TASK BRIEF: Emit a verbatim copy of the lines below from the line with "La unidad, que" through the line with "925 Silver Bridal", excluding pictures and everything outside that range.

[EXERCISE MATERIAL]

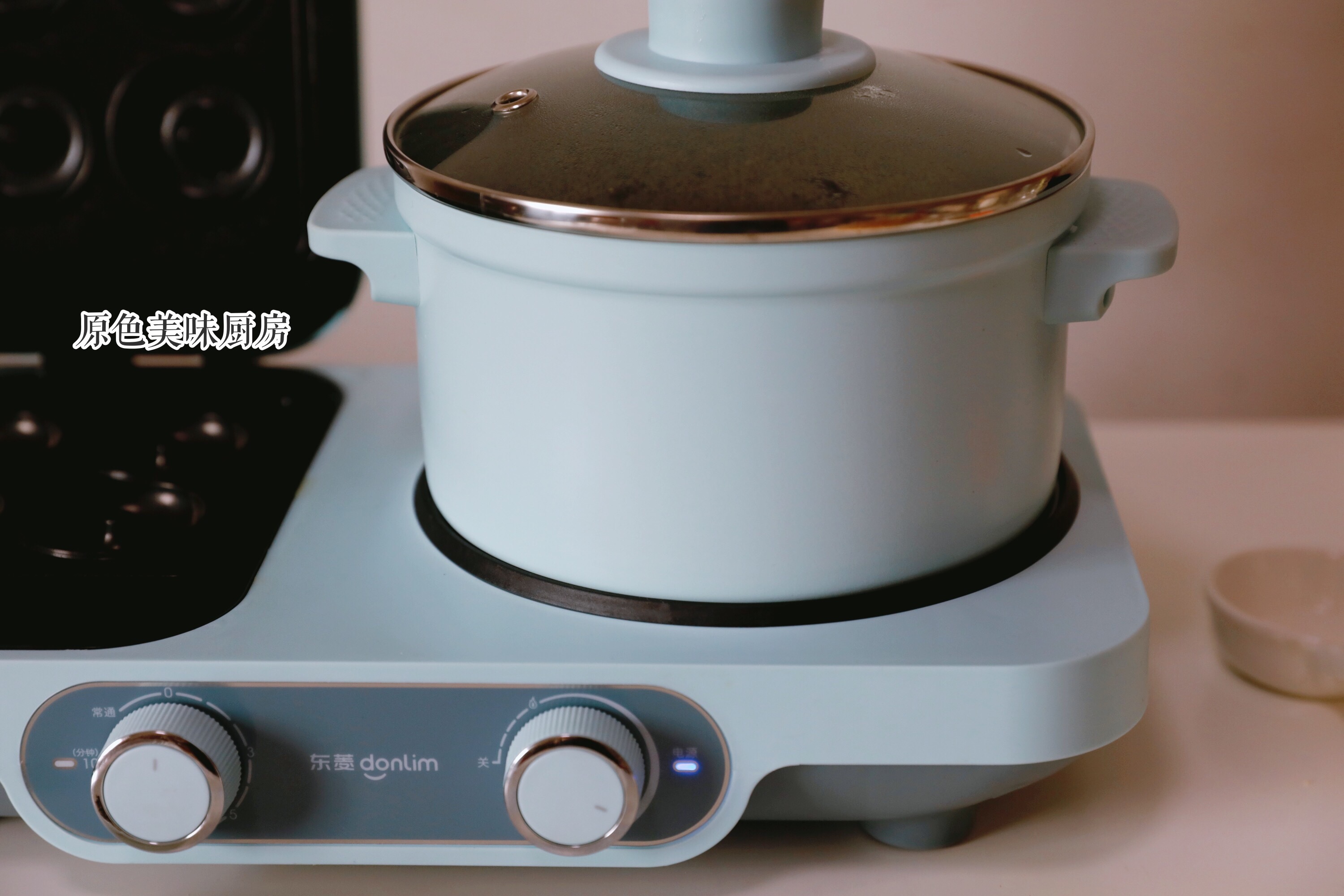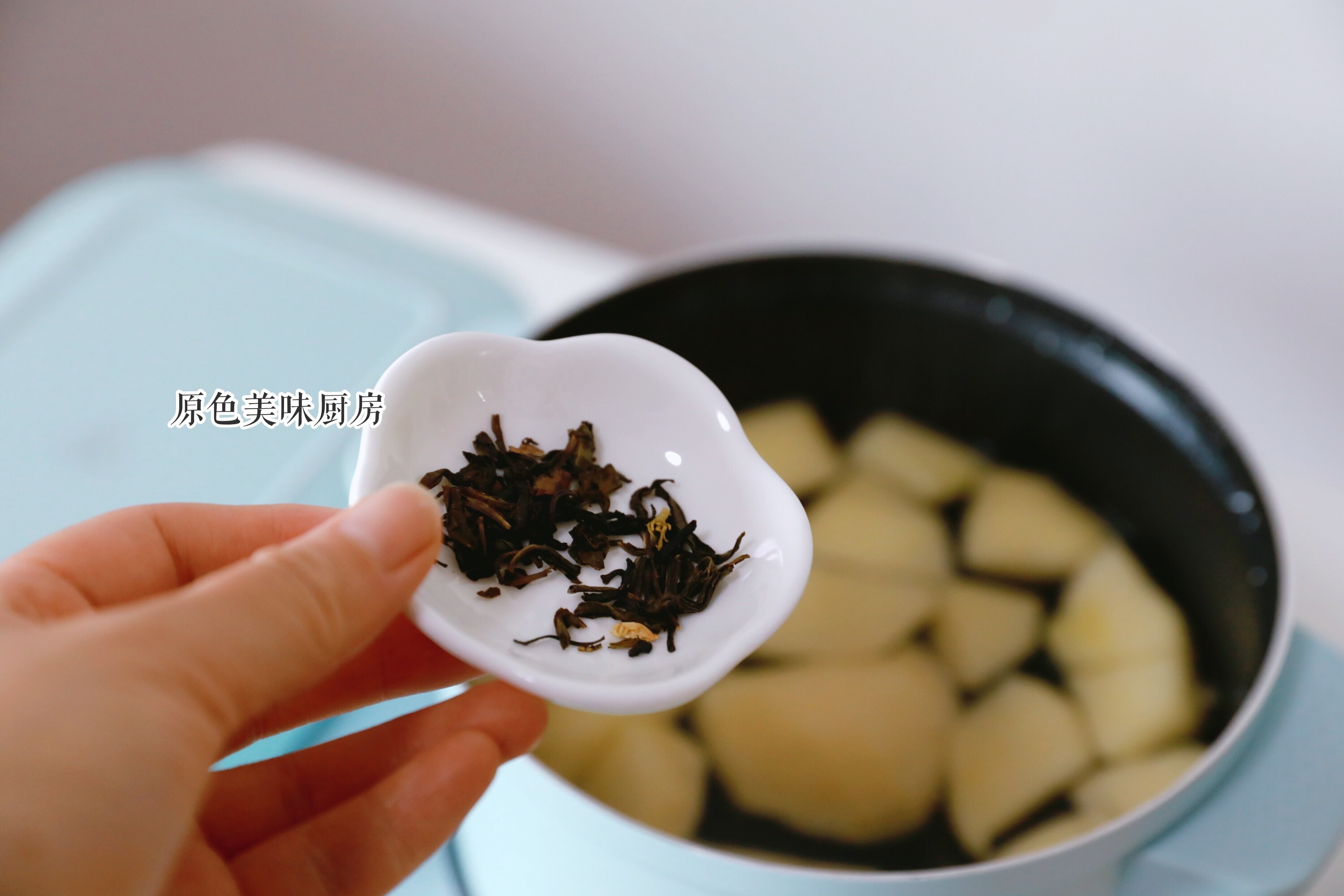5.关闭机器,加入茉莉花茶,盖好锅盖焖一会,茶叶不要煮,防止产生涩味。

[/EXERCISE MATERIAL]
[EXERCISE MATERIAL]

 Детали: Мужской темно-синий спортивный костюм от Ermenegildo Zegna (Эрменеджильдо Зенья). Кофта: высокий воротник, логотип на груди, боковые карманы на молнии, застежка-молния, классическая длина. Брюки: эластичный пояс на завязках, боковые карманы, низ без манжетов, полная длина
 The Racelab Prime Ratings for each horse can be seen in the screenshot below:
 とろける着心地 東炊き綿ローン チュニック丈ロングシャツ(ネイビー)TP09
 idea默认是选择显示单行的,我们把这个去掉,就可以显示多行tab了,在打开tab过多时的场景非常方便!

[/EXERCISE MATERIAL]
[EXERCISE MATERIAL]

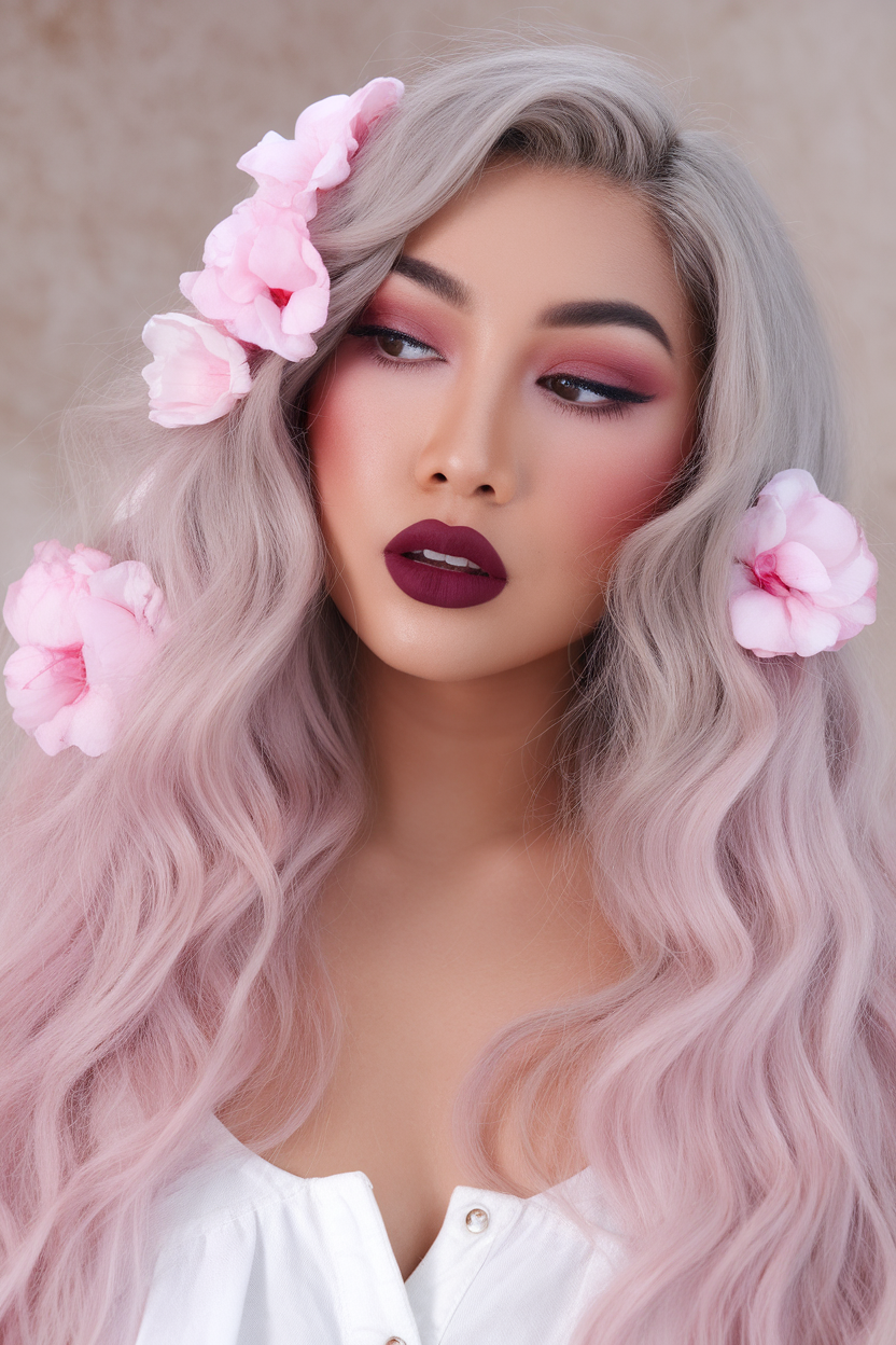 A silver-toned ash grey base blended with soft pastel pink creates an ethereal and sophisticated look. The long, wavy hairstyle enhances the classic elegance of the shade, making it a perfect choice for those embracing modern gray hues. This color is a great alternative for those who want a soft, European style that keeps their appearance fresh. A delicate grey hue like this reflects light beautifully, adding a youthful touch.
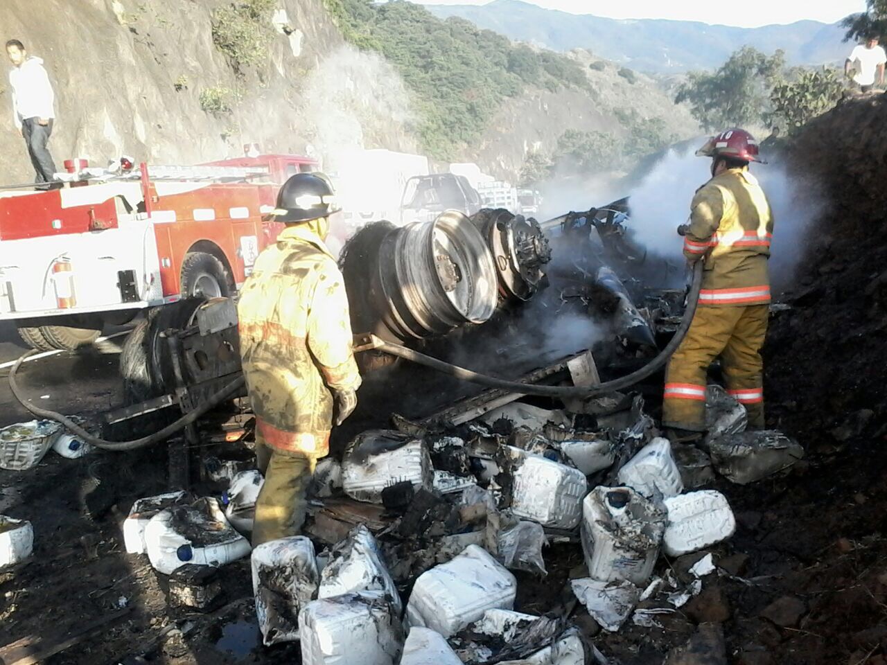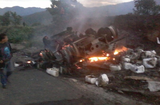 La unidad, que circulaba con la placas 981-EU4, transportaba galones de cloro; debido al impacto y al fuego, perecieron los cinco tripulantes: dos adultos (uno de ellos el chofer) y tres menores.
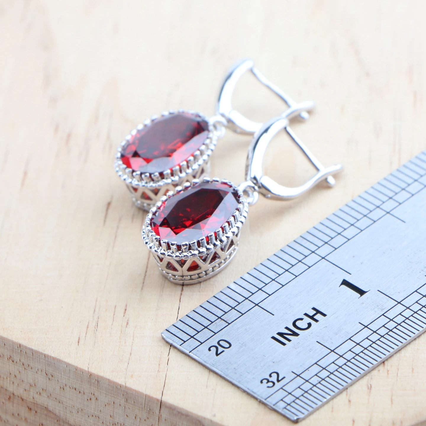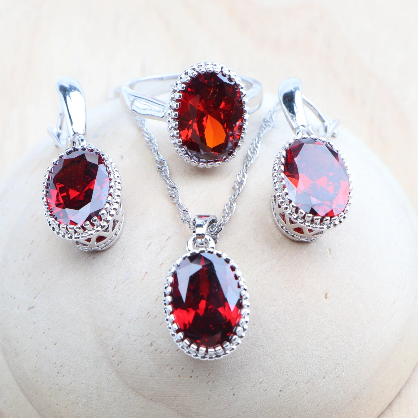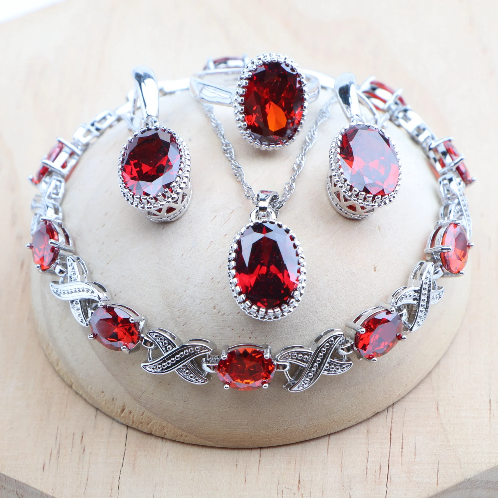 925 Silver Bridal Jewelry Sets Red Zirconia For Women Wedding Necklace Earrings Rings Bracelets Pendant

[/EXERCISE MATERIAL]

SOLUTION FOR THIS PROBLEM:
 La unidad, que circulaba con la placas 981-EU4, transportaba galones de cloro; debido al impacto y al fuego, perecieron los cinco tripulantes: dos adultos (uno de ellos el chofer) y tres menores.
 925 Silver Bridal Jewelry Sets Red Zirconia For Women Wedding Necklace Earrings Rings Bracelets Pendant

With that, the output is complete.